The SIPP is a nationally representative longitudinal survey that provides information on income, employment, households and government participation programs. The code book for the questionnaires indicates that there are a number of disability related questions. The data set doesn’t calculate weights and since this has to be done manually we decided to not utilize the data set for its complexity.
This data set contains a column of reasons for why employees were separated in the Iowa Executive Branch. One of the possible reasons indicated is Disability and Mental Health. The data set has no particular geographic scope and for lack of priority on other datasets, was not utilized.
This data set contains information on discrimination complaint cases processed by a local agency. Data includes type of closure, dates when case was opened and closed, and basis of complaints received. The clients indicate whether their cases are related to a disability or not. Data doesn’t have a geography and no granular information besides the complaints are provided.

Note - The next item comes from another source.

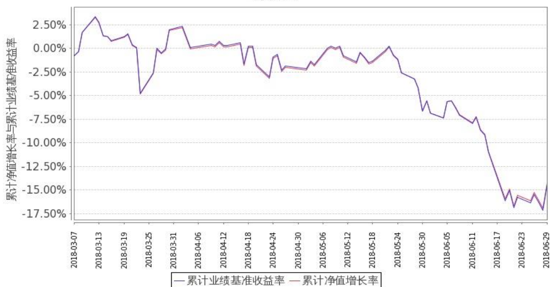
图 2: 嘉实中创 400ETF 联接 C 基金份额累计净值增长率与同期业绩比较基准收益率的历史走势对比图

This Medicaid employment data table covers information from July and October of 2020 as well as April and October of 2021. There is no specific geographic scope for this data set and we were unable to look further into these tables for lack of time.
This data set contains detailed questionnaires on health characteristics by demographic and socioeconomic characteristics, including information on people with disabilities. The difficulty in this data set was accessibility and the lack of geographic scope.
This data set contains numbers of federal prisoners in Iowa which are reported to have disabilities disaggregated by similar difficulty types to the ACS data. The data is from 2016 and with limited time for the program, this data set was not utilized for its lack of employment focus for this project.
Contains a data set on Crime Against Persons with Disabilities from the years 2009 to 2019. Since it doesn’t contain any information on employment and the geography is at a national level, this data set was not utilized.
The BLS collects only labor force data at the county level for states. Unfortunately, the information collected by the BLS doesn’t include whether a person has disabilities or not. This was why the data was not utilized.
This data set has specific information about children from ages 3 - 21 in need of special education at the state level. Because of its geographic scope at the state level and its data not connecting to employment, we chose to prioritize other data sets.
Data set was inaccessible until later, this data set was not utilized due to a lack of time.